In the second image I used the "jet"-color map; i.e. dark blue indicates a low intensity value while colors from light blue to green to yellow and red indicate growing intensity values.

The first conv2D-layer ("Conv2d_1") produces the following 32 maps of my chosen "4"-image after training:

We see that the filters, which were established during training emphasize general contours but also focus on certain image regions. However, the "4" is still clearly visible on very many maps as the convolution does not yet reduce resolution too much.

The second Conv2D-layer already combines information of larger areas of the image - as a max (!) pooling layer was applied before. As we use 64 convolutional maps this allows for a multitude of different new filters to mark "features".

As the max-condition of the pooling layer was applied first and because larger areas are now analyzed we are not too astonished to see that the filters dissolve the original "4"-shape and indicate more general geometrical patterns.

I find it interesting that our "4" triggers more horizontally sensitive filters than vertical ones. (We shall see later that a new training process may lead to filters which have another sensitivity). But this has also a bit to do with standardization and the level of pixel intensity in case of my special image. See below.

The third convolutional layer applies filters which now cover almost the full original image and combine and mix at the same time information from the already rather abstract results of layer 2 - and of all the 64 maps there in parallel.

We again see a dominance of horizontal patterns. We see clearly that on this level any reference to something like an arrangement of parallel vertical lines crossed by a vertical line is almost totally lost. Instead the CNN has transformed the original distribution of black (dark grey) pixels into an abstract configuration space only coarsely reflecting the original image area - by 9x9 grids; i.e. with a very pure resolution. What we see here are "relations" of filtered and transformed original pixel clusters over relatively large areas. But no concept of certain line arrangements.

Now, if this were the level of "features" which the MLP-part of the CNN uses to determine that we have a "4" then we would bet that such abstracted "features" or patterns (active points on 9x9 grids) appear in a similar way on the maps of the 3rd Conv layer for other MNIST images of a "4", too.

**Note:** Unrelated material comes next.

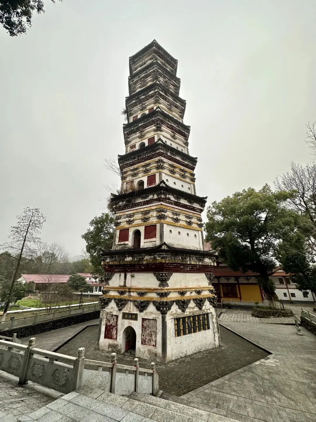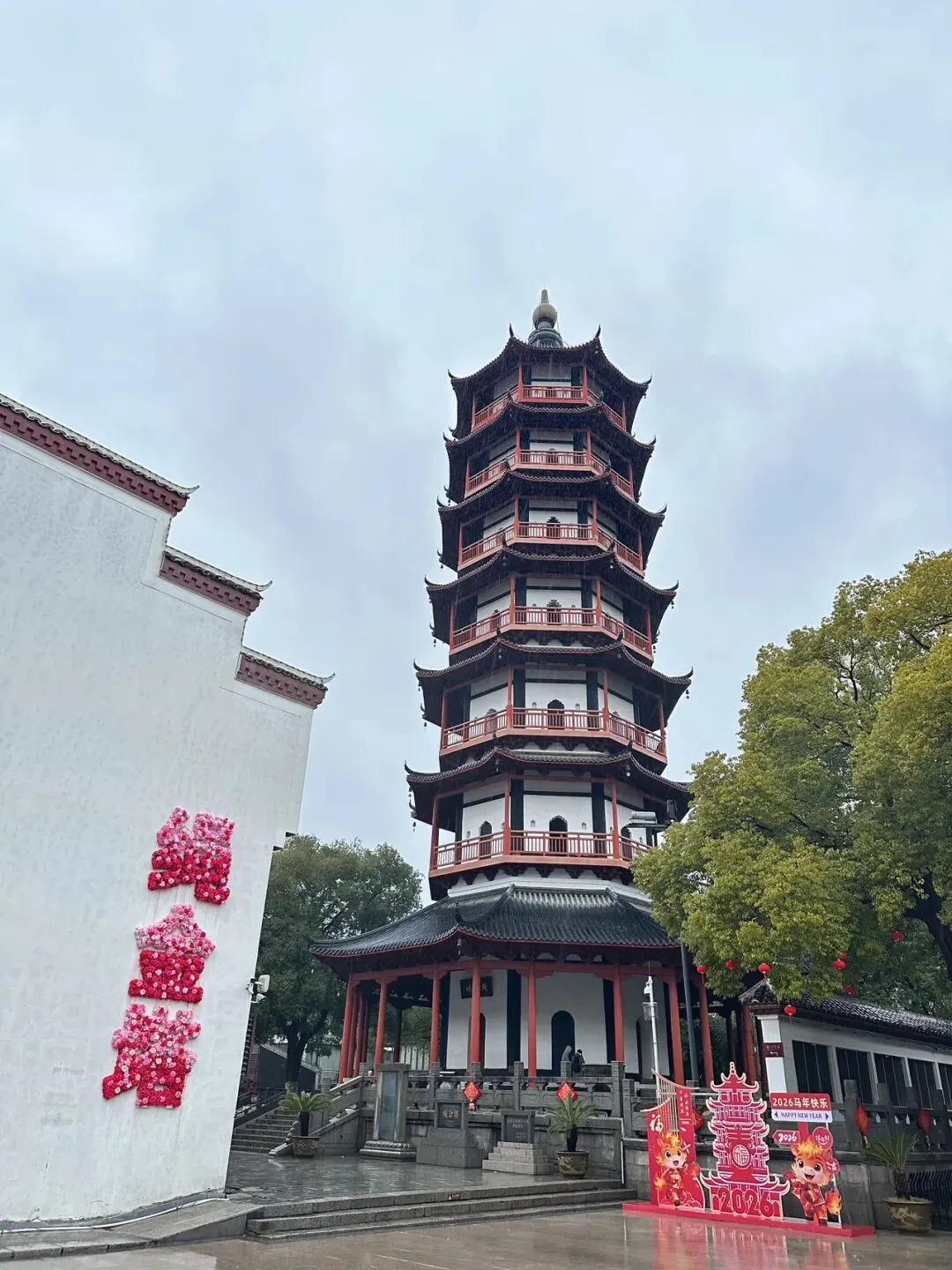 大半天的火车车程,下午到酒店后略作休整,冒雨前往绳金塔。始建于唐,最近重修于2000年,江南典型的砖木结构楼阁式塔。

Well, how similar do different map representations of "4"s look like on the 3rd Conv2D-layer?

What makes a four a four in the eyes of the CNN?

The last question corresponds to the question of what activation outputs of "4"s really have in common. Let us take 3 different images of a "4":

The same with the "jet"-color-map:


Already with our eyes we see that there are similarities but also quite a lot of differences.

"4"-representation on the 2nd Conv-layer

Below we see comparison of the 64 maps on the 2nd Conv-layer for our three "4"-images.

Now, you may say: Well, I still recognize some common line patterns - e.g. parallel lines in a certain 75 degree angle on the 11x11 grids. Yes, but these lines are almost dissolved by the next pooling step:

Now, consider in addition that the next (3rd) convolution combines 3x3-data of all of the displayed 5x5-maps. Then, probably, we can hardly speak of a concept of abstract line configurations any more ...

"4"-representations on the third Conv-layer

Below you find the abstract activation outputs on the 3rd Conv2D-layer for our three different "4"-images:

When we look at details we see that prominent "features" in one map of a specific 4-image do NOT appear in a fully comparable way in the eventual convolutional maps for another image of a "4". Some of the maps (i.e. filters after 4 transformations) produce really different results for our three images.

But there are common elements: I have marked only some of the points which show a significant intensity in all of the maps. But does this mean these individual common points are decisive for a classification of a "4"? We cannot be sure about it - probably it is their combination which is relevant.

In the eights row and third column we see an abstract combination of a three point combination - in a shape like ┌ - but whether this indicates a part of the lines constituting a "4" on this coarse representation level of the original image is more than questionable.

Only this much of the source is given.